Opinioni

Il voto. Dire addio alle pluricandidature per il vero rapporto elettori-eletti

Martino Liva venerdì 19 agosto 2022

Il nostro Paese corre verso il voto del 25 settembre e si addentra in settimane di campagna elettorale. In attesa di un serio confronto sui contenuti programmatici (arriverà?), il dibattito politico si concentra su strategie, simboli e liste. Già, perché tra il 12 e il 14 i partiti dovranno depositare i simboli elettorali, mentre tra il 21 e il 22 agosto, concludere la composizione delle liste. Ecco, a tale ultimo proposito, è utile ricordare cosa prevede la legge, e, soprattutto, invitare i partiti a uno sforzo di chiarezza verso gli elettori. Ci si riferisce al meccanismo delle pluricandidature. È vero che la legge elettorale attuale (il cosiddetto Rosatellum), anche sulla scia delle considerazioni della nota sentenza Corte Cost. 35/2017 sul cosiddetto Italicum, ha migliorato quanto prevedeva sul punto la legge precedente (il cosiddetto Porcellum).

Ma ancora lo prevede. Che significa? Alcuni candidati posso presentarsi in più liste proporzionali (cioè nei collegi plurinominali), fino a un massimo di cinque, oltre alla possibilità di competere anche in un solo collegio uninominale. Astrattamente, ove un candidato sfruttasse al massimo questa facoltà, potrebbe presentarsi agli elettori di 6 diversi collegi: in uno, come candidato per il sistema maggioritario, negli altri cinque, in liste a elezione proporzionale.
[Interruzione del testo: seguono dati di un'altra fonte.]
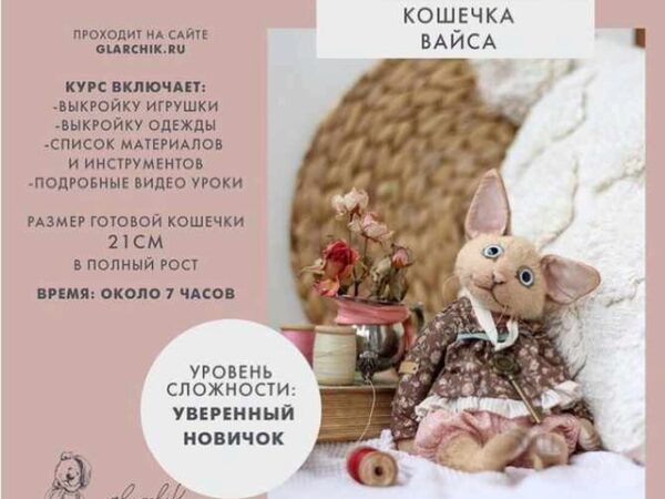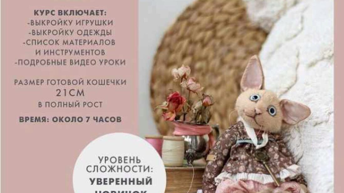 В этот видеокурсе я рассказываю как сшить такую кошечку, из каких материалов, чем набить и как оформить, а так да наряд для неё.

Si dirà: il meccanismo nasce anche per favorire i partiti minori, spesso più in difficoltà nel trovare candidati in tutti i collegi a livello nazionale.

Certo è che, però, un utilizzo disinvolto del meccanismo, si traduce in una sorta di inganno per gli elettori, affievolendo il legame che li lega (o dovrebbe legarli) agli eletti, oltre che in una 'furberia' per assicurare a certi candidati un seggio in Parlamento, scalfendo nuovamente il rapporto di fiducia tra elettore ed eletto. Qualche esempio? Un candidato bocciato nel collegio uninominale, può, infatti, comunque essere eletto in Parlamento per il viatico di una lista proporzionale, magari in diverso collegio.
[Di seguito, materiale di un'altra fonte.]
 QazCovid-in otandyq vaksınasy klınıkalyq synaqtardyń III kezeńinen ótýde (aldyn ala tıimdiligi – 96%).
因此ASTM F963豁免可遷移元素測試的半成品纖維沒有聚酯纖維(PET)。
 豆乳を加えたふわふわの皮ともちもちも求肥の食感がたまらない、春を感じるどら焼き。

Ma resta un candidato rifiutato dal suo elettorato. Oppure, un candidato che si presenta in liste proporzionali di cinque diversi collegi, essendo poi necessariamente eletto solo in uno (per la legge, quello nel quale la lista cui appartiene ha ottenuto la minore percentuale), di quale comunità di sentirà espressione? A quale elettore potrà dire, 'io ti rappresento'? E gli altri, che pure lo hanno sostenuto, non si sentiranno un poco traditi? Allora, un’idea molto semplice, sperando che non evapori sotto il sole di ferragosto. Perché non rinunciare, al sistema delle pluricandidature, nel segno di un surplus di trasparenza verso gli elettori rispetto a quanto dice la legge?
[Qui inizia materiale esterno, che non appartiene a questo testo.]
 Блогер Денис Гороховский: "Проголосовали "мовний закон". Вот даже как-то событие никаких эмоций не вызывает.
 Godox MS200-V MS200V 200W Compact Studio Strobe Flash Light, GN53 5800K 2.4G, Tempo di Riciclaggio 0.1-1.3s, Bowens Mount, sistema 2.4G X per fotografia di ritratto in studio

Perché non selezionare chi davvero ha un rapporto solido con un certo territorio, per i collegi uninominali (senza paracadute nel proporzionale) e lasciare ai rappresentati politici – o ai candidati indipendenti o 'di bandiera' – le liste proporzionali, applicando in via volontaria, anche qui il principio, di un collegio soltanto? Una nota finale. Trasparenza elettorale vorrebbe che chi si candida al Parlamento ricoprendo altre cariche pubbliche elettive per legge incompatibili (parlamentare europeo, sindaco dei Comuni più grandi, presidente di Regione), dicesse prima, se eletto, per quale carica opterà. E, se possibile, spiegasse ai suoi vecchi elettori, che l’avevano selezionato per un certo ruolo, il motivo della scelta. Sempre che dare spiegazioni al cittadino elettore non sia considerato troppo un impiccio.